‘Certain Women’ enjoy breaking through limitations
Over her 20-year career, filmmaker Kelly Reichardt has carved out a singular, determinedly off-center space in the cinematic landscape, working in sometimes epic scale (“Meek’s Cutoff”) and in intimate chamber pieces (“Old Joy”), but always with a quietly observant, compassionate eye on human-scale foibles and dynamics.
Recently, Reichardt has sustained a profitable collaboration with the screenwriter Jon Raymond, achieving a kind of mind meld of taste and sensibility that has resulted in some fine movies. (In addition to “Meek’s Cutoff” and “Old Joy,” they made “Wendy and Lucy” and “Night Moves” together). But for her newest film, “Certain Women,” Reichardt took on writing duties, adapting the short stories of Maile Meloy into a typically Reichardt-ian portrait of ambivalence and solitude, albeit with less narrative momentum than in previous outings.
A triptych of subtly interlocking stories, “Certain Women” features some of the year's best performances: Laura Dern plays Laura, a lawyer living in tiny Livingston, Mont., where nothing much happens outside your random, everyday hostage situation; Michelle Williams plays Gina, who is building a home on a scenic patch of land outside town; and Kristen Stewart plays Elizabeth, a young lawyer in training who has agreed to teach a weekly night course on educational law in Belfry, several miles away.
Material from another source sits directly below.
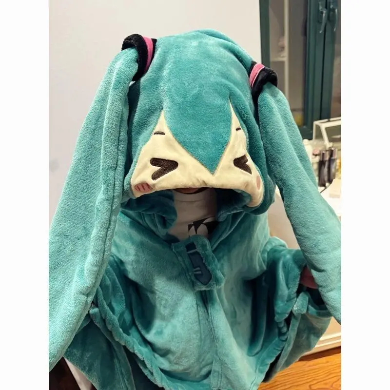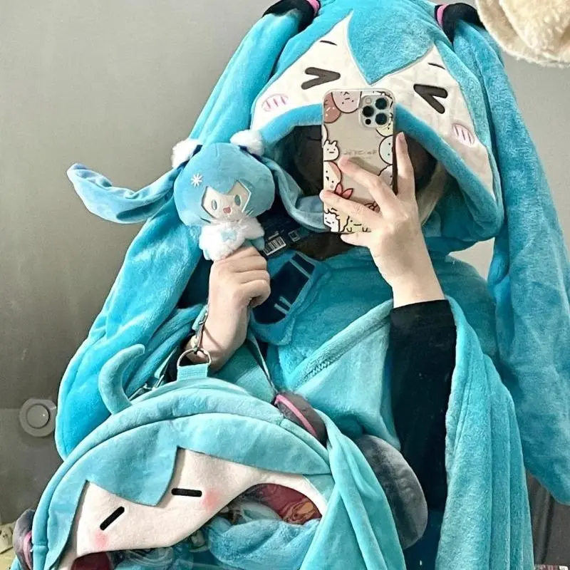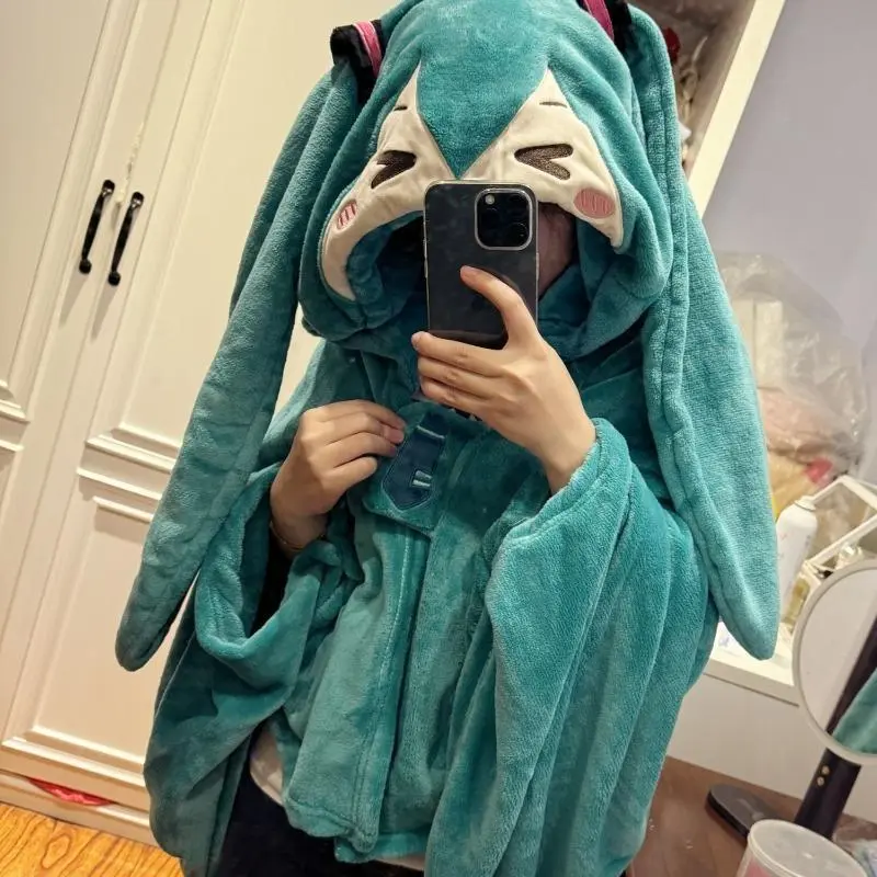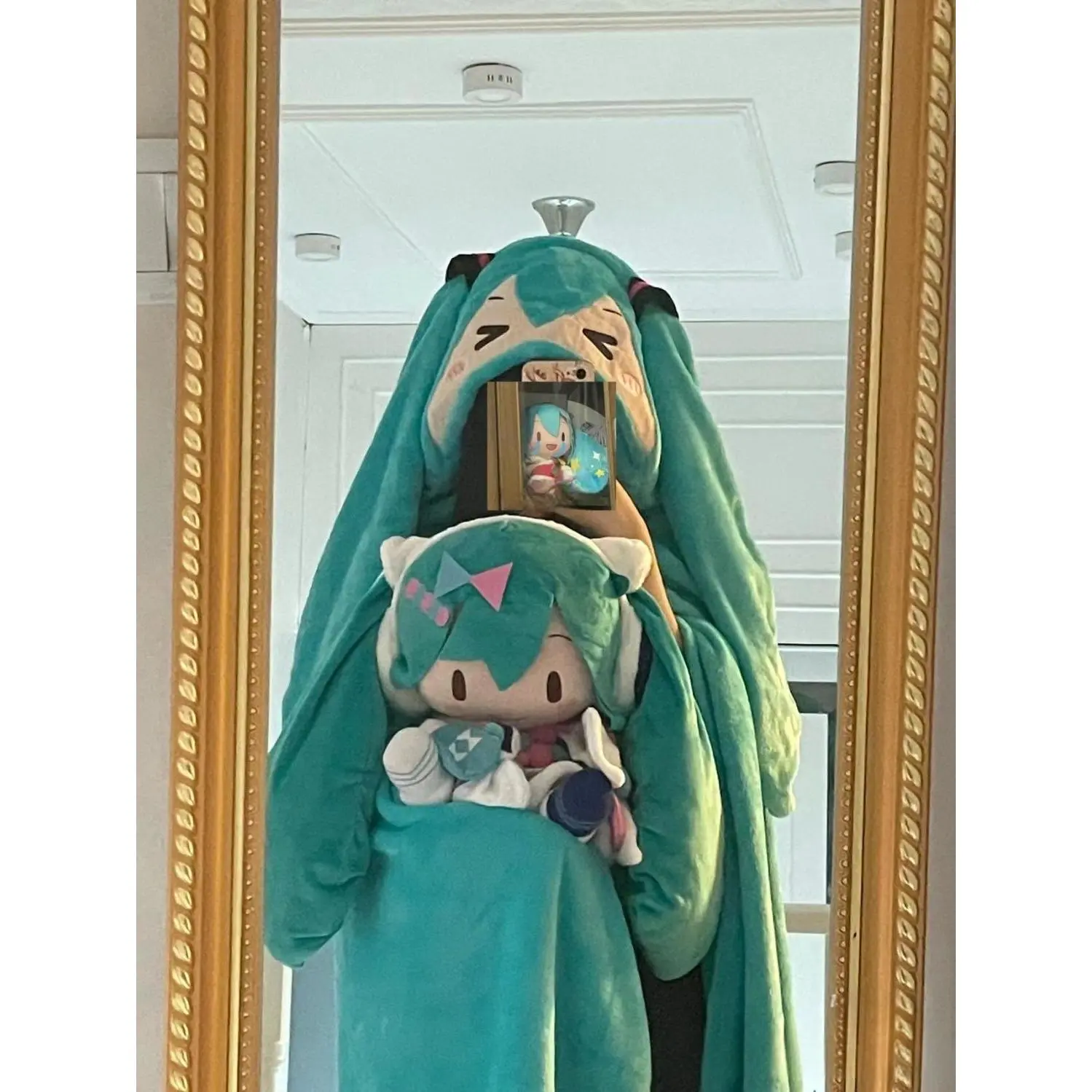 5. Hatsune Miku anime peripheral two-dimensional air-conditioning blanket creative cartoon cute plush hooded cloak holiday gift
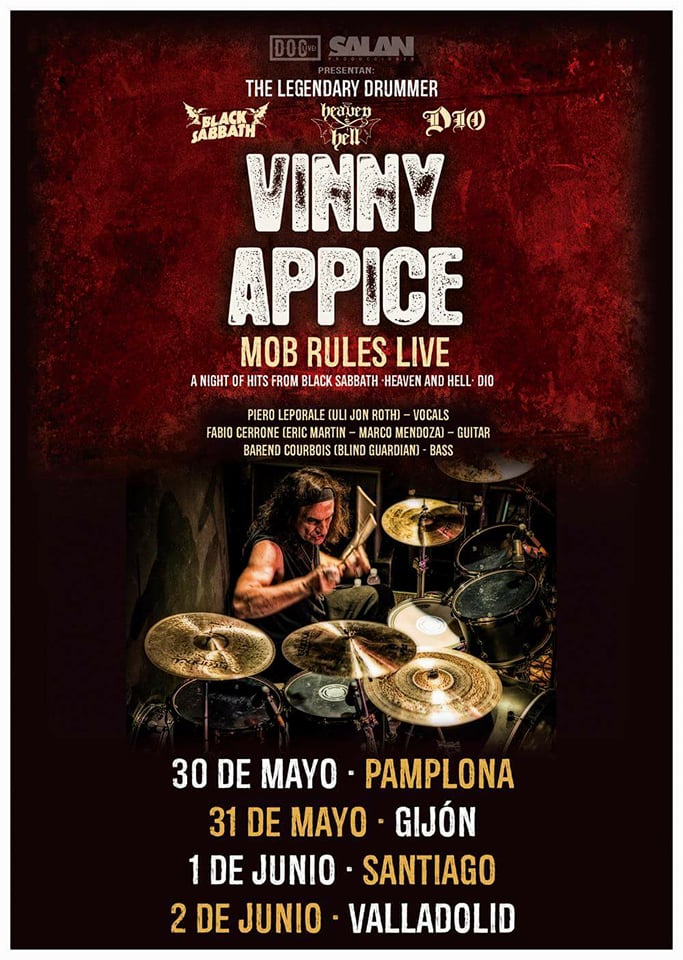 Tras la salida de Dio de Black Sabbath, Vinny sigue su estela y con la nueva banda DIO es donde graba los discos (Holy diver, Last in line, Sacred heart, Intermission y Dream evil) que serán un legado irrepetible para el hard rock. Tras su paso por Wold War III , un fugaz regreso a BLACK SABBATH junto a Ronnie James Dio para grabar (Deshumanizer) y una nueva vuelta a DIO con dos nuevos discos (Strange highways y Angry machines), colaboraciones de todo tipo con grandes artistas y proyectos desembarcan en el nuevo proyecto de Dio y Tomy Iommi HEAVEN & HELL (The devil you know) con excelentes críticas. Tras la muerte de Ronnie y disolución del proyecto,  Vinny Appice se embarca en un ambicioso proyecto con la formación clásica y original de DIO llamada LAST IN LINE donde giran mundialmente tocando los clásicos de DIO y de su nuevo disco (Heavy crown) obteniendo un extraordinario éxito y combinándolo hasta hoy con su nuevo proyecto VINNY APPICE MOB RULES LIVE en el que se rodea con excelentes músicos de categoría como PIERO LEPORALE en las voces (Uli Jon Roth), FABIO CERRONE a la guitarra (Eric Martín – Marco Mendoza) y el gran BAREND COURBOIS al bajo (Blind Guardian) donde tocará los grandes clásicos de sus tres grandes bandas (BLACK SABBATH, DIO, HEAVEN & HELL) una oportunidad única y exclusiva de degustar estos temas en directo de nuevo de la mano de uno de los más relevantes y genuinos percusionistas que siguen siendo claves para seguir escribiendo la historia del rock !

Just how Laura, Gina and Beth’s live intersect (or don’t) gives “Certain Women” an intriguing, if wispy, whiff of mystery. But mostly Reichardt is interested in portraiture, and how character is revealed through the small, sometimes extraordinary, actions each woman takes to cope with her own sense of stifling limitation.
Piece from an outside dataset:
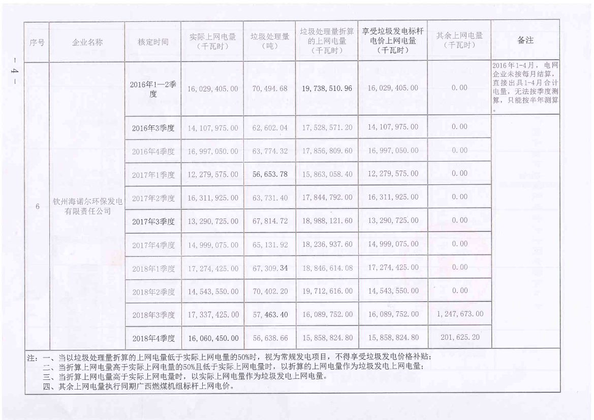 附件:廣西各垃圾焚燒發(fā)電企業(yè)上網(wǎng)電量核定表
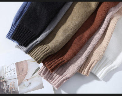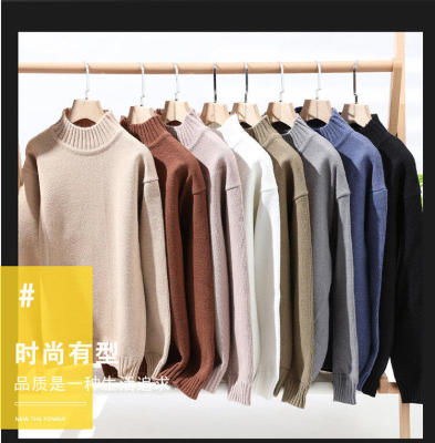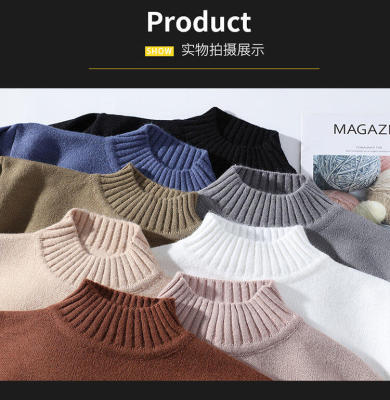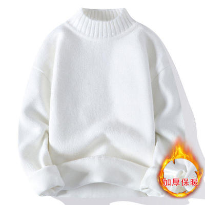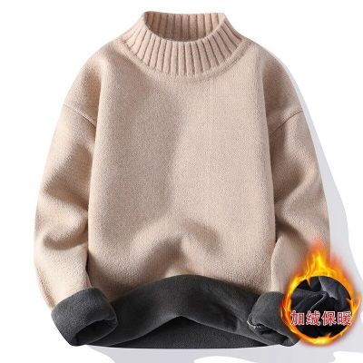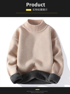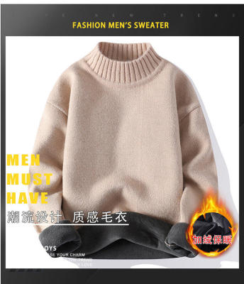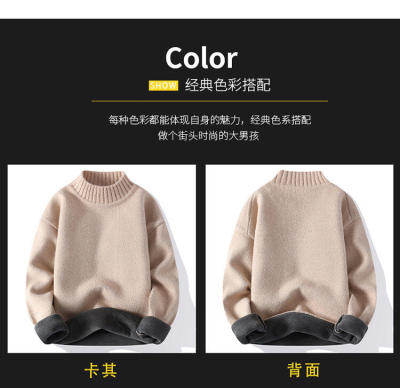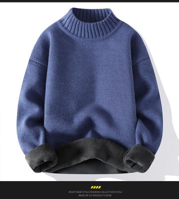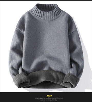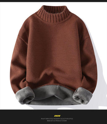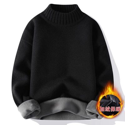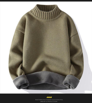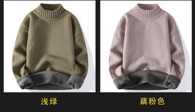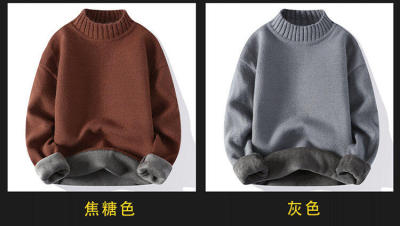 Solid color turtleneck sweater for men in winter plus velvet and thickened wasteland style sweater for men loose lazy style retro sweater

Laura’s story is by far the most incident-filled, as she’s drawn into the desperate acts of one of her clients. Beth nurses nascent ambitions, which makes her all the more fascinating to the shy, bored ranch hand who drops in on one of her classes and becomes quietly smitten.
That cowgirl in the sand (and snow) is played in an impressive breakout turn by newcomer Lily Gladstone, who infuses the lonely young woman she portrays with heartbreaking vulnerability and hope. It’s Williams who delivers the most memorable performance of “Certain Women,” surprisingly. (Not because she isn’t always superb, but because her character is the least rounded out.)